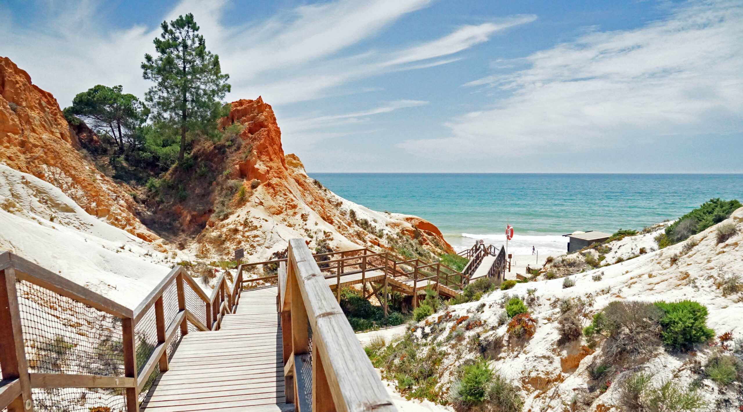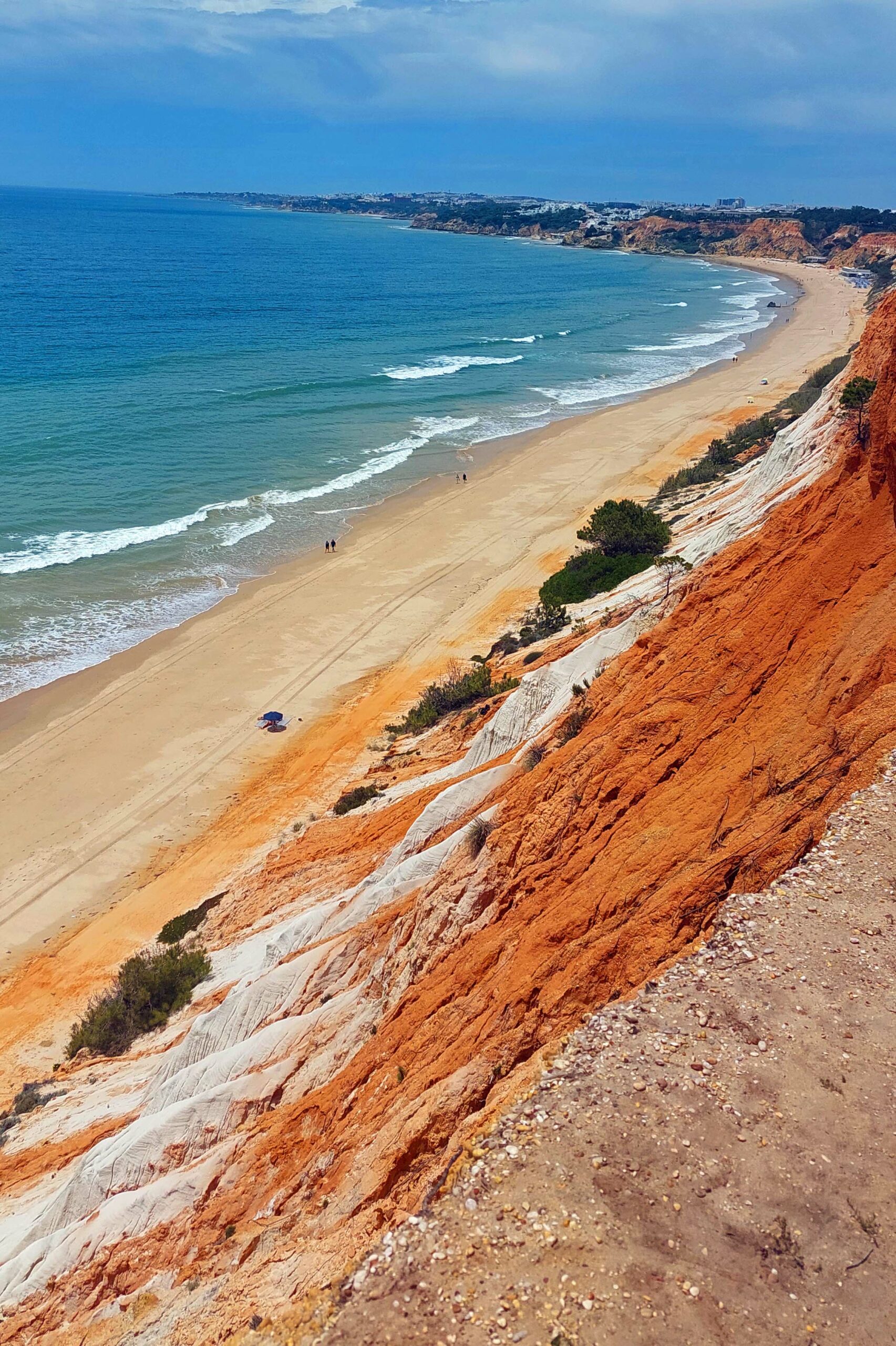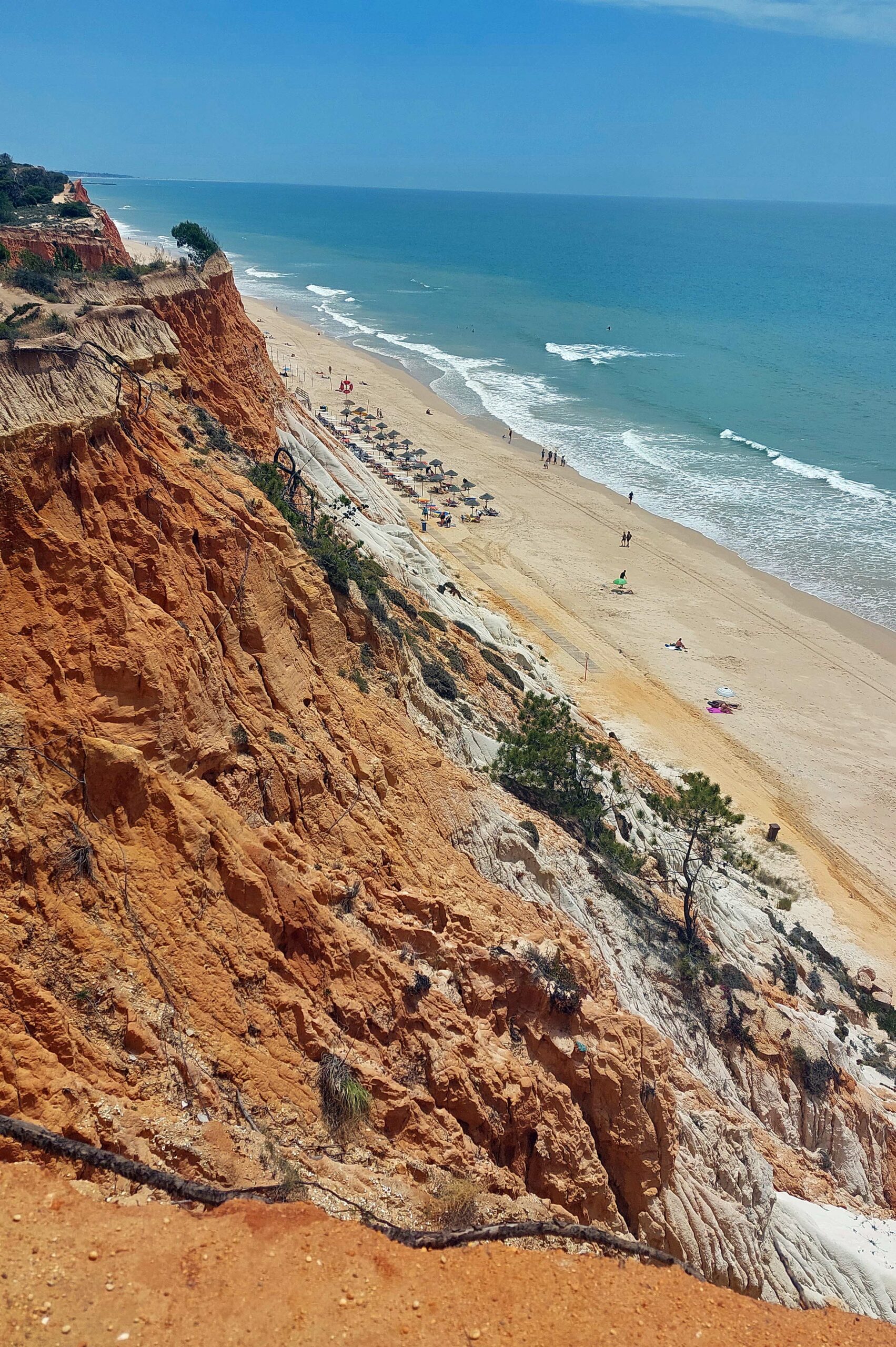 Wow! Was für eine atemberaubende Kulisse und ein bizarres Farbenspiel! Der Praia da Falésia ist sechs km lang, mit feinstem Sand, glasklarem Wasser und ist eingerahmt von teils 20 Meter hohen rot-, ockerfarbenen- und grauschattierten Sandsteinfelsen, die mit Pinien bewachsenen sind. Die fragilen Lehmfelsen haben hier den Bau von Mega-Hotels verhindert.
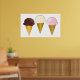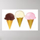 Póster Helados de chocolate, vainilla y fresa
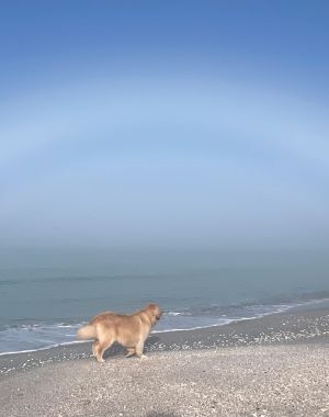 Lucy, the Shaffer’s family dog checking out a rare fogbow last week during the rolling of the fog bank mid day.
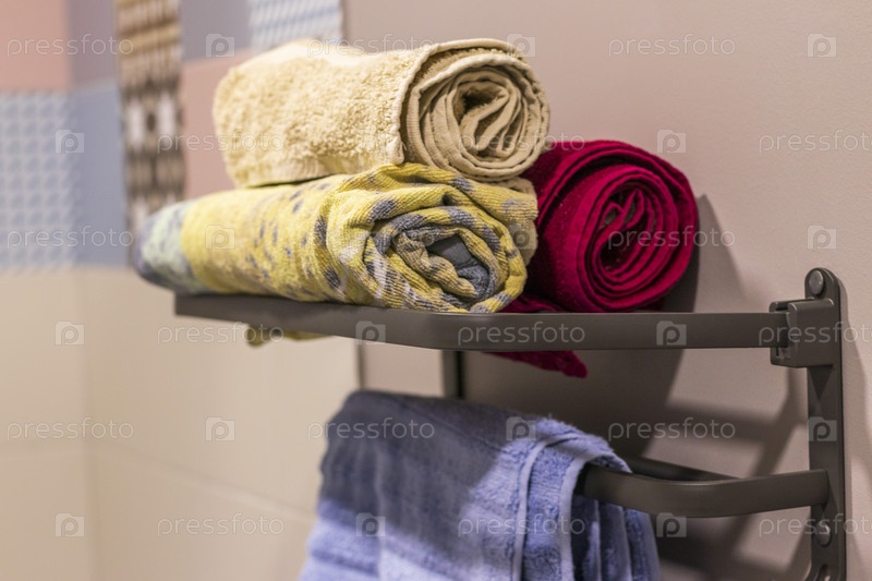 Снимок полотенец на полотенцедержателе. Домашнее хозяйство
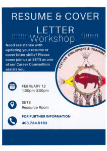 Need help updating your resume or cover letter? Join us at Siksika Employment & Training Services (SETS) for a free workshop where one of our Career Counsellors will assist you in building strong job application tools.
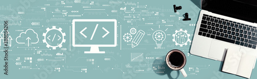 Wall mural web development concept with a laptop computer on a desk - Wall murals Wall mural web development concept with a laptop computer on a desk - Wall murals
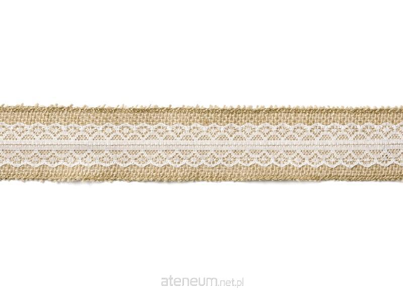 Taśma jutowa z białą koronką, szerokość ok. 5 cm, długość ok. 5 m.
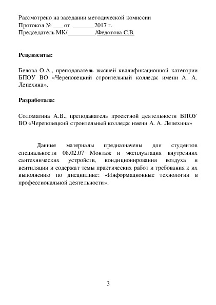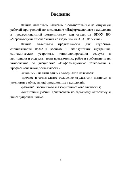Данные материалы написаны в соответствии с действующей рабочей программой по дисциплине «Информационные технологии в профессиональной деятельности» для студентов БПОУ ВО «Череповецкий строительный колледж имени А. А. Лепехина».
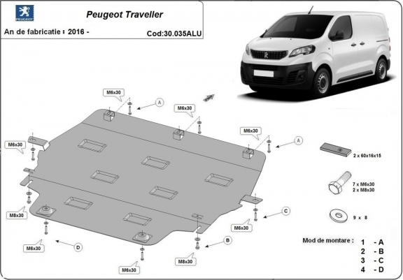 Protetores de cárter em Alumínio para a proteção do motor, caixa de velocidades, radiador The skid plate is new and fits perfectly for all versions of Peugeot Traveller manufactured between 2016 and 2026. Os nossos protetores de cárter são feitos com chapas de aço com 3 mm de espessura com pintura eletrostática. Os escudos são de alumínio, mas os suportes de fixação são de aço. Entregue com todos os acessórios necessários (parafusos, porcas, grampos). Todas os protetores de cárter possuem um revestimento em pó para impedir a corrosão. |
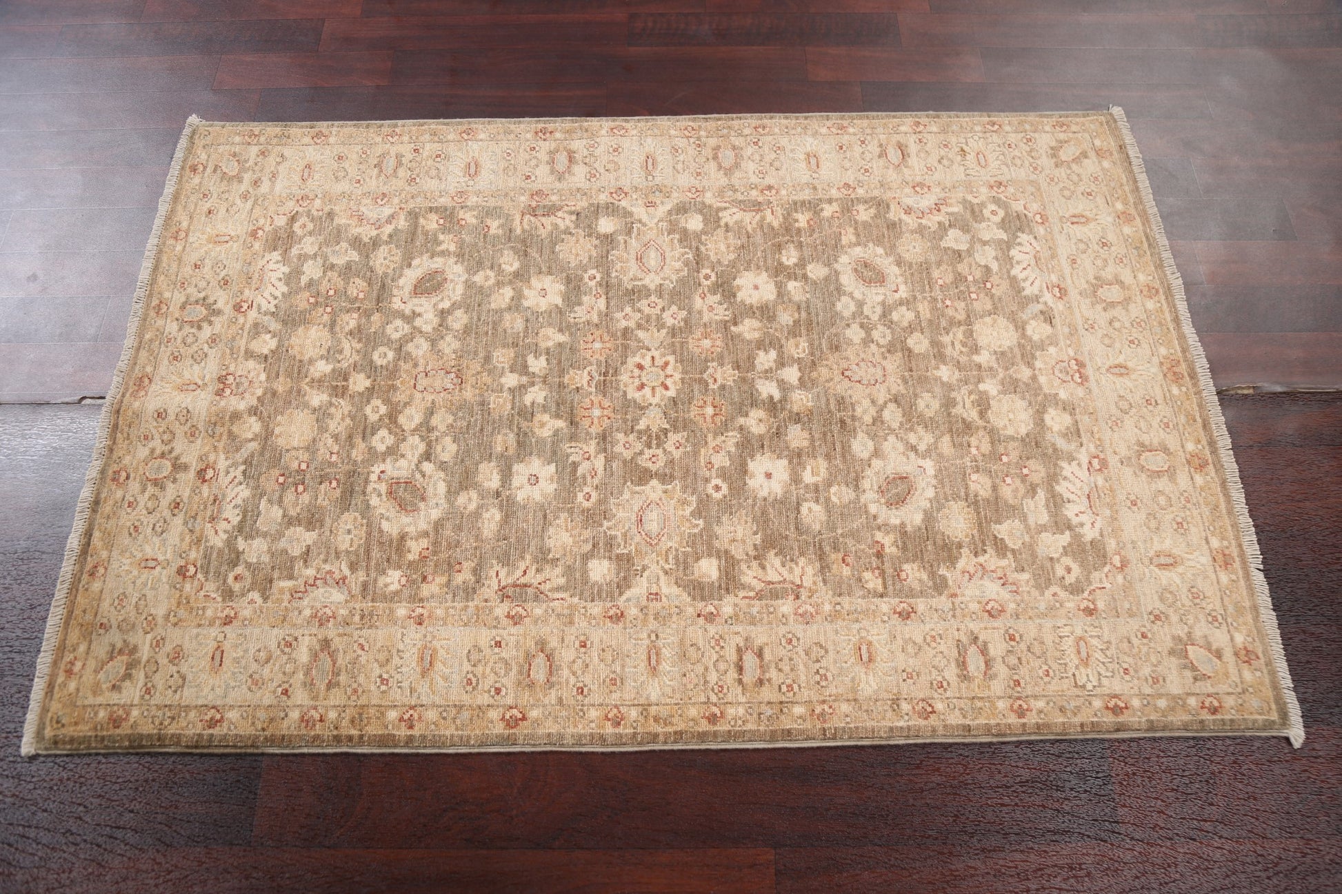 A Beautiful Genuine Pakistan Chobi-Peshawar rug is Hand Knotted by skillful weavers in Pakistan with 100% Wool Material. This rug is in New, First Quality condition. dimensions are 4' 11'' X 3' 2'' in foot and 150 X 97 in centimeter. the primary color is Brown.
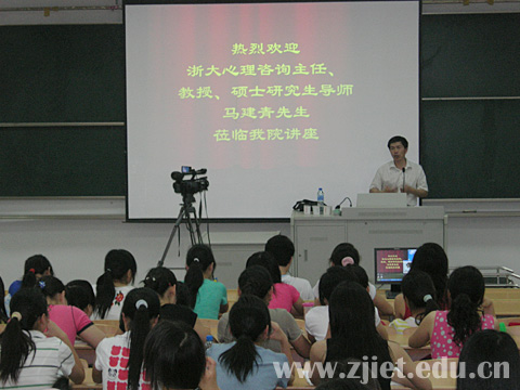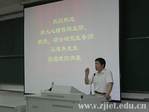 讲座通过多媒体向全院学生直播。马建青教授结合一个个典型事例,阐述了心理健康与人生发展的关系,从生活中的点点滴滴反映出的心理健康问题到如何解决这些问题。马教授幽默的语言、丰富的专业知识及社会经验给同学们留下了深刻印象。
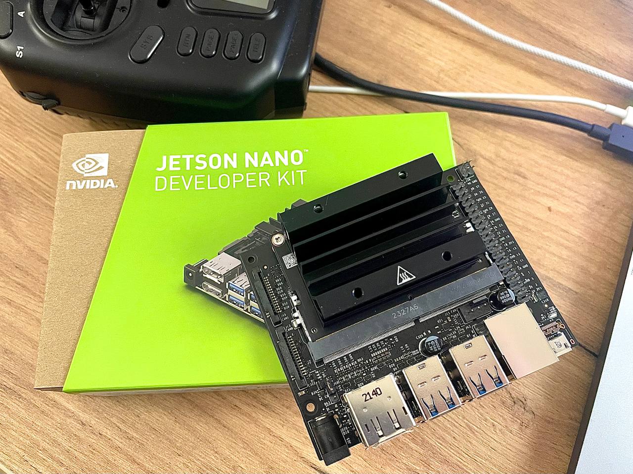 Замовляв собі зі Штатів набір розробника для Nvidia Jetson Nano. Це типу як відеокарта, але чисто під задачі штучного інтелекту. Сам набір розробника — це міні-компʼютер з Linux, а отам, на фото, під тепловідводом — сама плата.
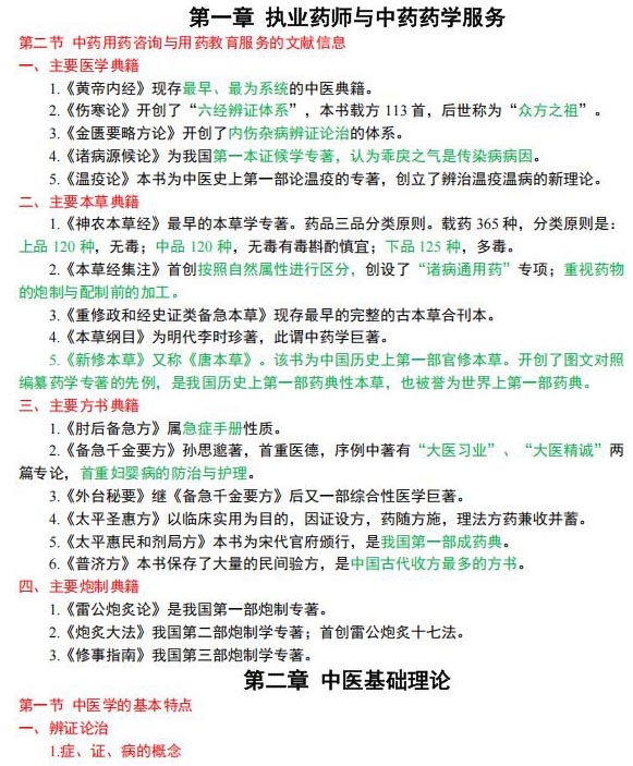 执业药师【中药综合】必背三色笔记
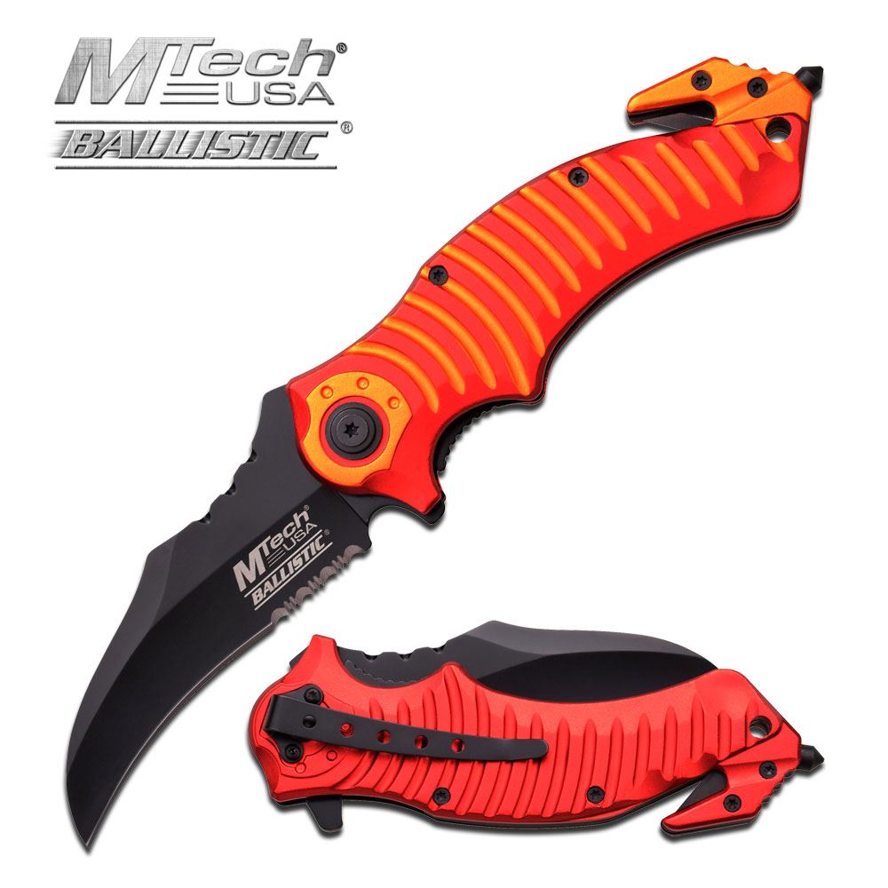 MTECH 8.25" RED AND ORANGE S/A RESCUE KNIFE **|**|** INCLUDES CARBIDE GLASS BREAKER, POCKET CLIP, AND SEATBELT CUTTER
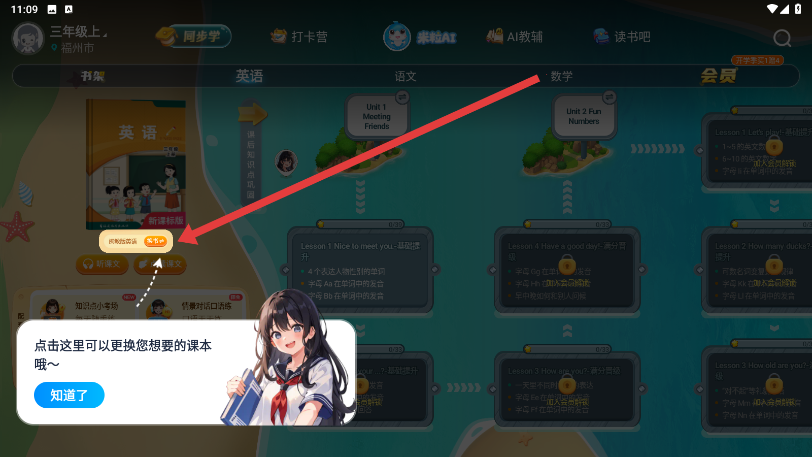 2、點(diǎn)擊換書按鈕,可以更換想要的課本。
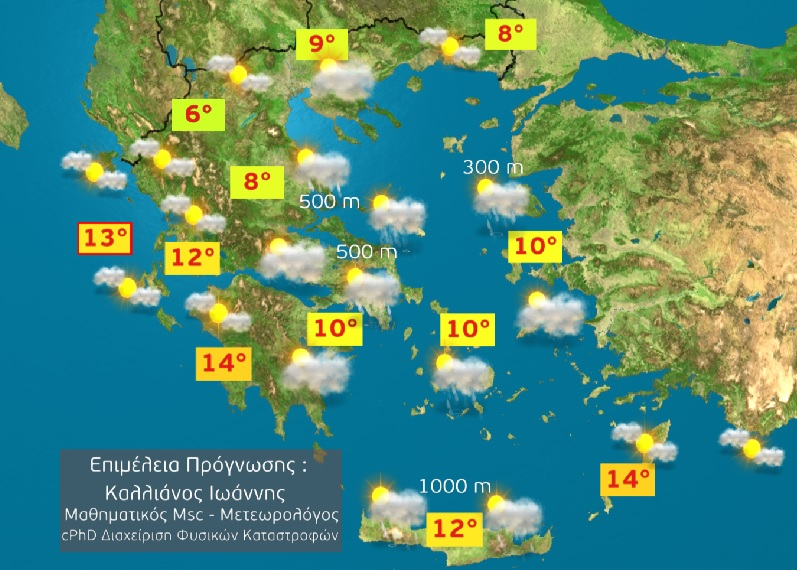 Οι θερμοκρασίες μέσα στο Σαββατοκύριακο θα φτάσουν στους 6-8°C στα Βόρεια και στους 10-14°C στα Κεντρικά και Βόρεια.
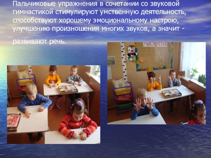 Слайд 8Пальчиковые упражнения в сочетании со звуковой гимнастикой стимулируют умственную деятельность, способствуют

** WHAT YOU NEED TO DO **
All lines from the line with "A Beautiful Genuine" through the final line of the listing are to be printed exactly, both ends included; the pictures are not.

** ANSWER TO THE PROBLEM **
 A Beautiful Genuine Pakistan Chobi-Peshawar rug is Hand Knotted by skillful weavers in Pakistan with 100% Wool Material. This rug is in New, First Quality condition. dimensions are 4' 11'' X 3' 2'' in foot and 150 X 97 in centimeter. the primary color is Brown.
 讲座通过多媒体向全院学生直播。马建青教授结合一个个典型事例,阐述了心理健康与人生发展的关系,从生活中的点点滴滴反映出的心理健康问题到如何解决这些问题。马教授幽默的语言、丰富的专业知识及社会经验给同学们留下了深刻印象。
 Замовляв собі зі Штатів набір розробника для Nvidia Jetson Nano. Це типу як відеокарта, але чисто під задачі штучного інтелекту. Сам набір розробника — це міні-компʼютер з Linux, а отам, на фото, під тепловідводом — сама плата.
 执业药师【中药综合】必背三色笔记
 MTECH 8.25" RED AND ORANGE S/A RESCUE KNIFE **|**|** INCLUDES CARBIDE GLASS BREAKER, POCKET CLIP, AND SEATBELT CUTTER
 2、點(diǎn)擊換書按鈕,可以更換想要的課本。
 Οι θερμοκρασίες μέσα στο Σαββατοκύριακο θα φτάσουν στους 6-8°C στα Βόρεια και στους 10-14°C στα Κεντρικά και Βόρεια.
 Слайд 8Пальчиковые упражнения в сочетании со звуковой гимнастикой стимулируют умственную деятельность, способствуют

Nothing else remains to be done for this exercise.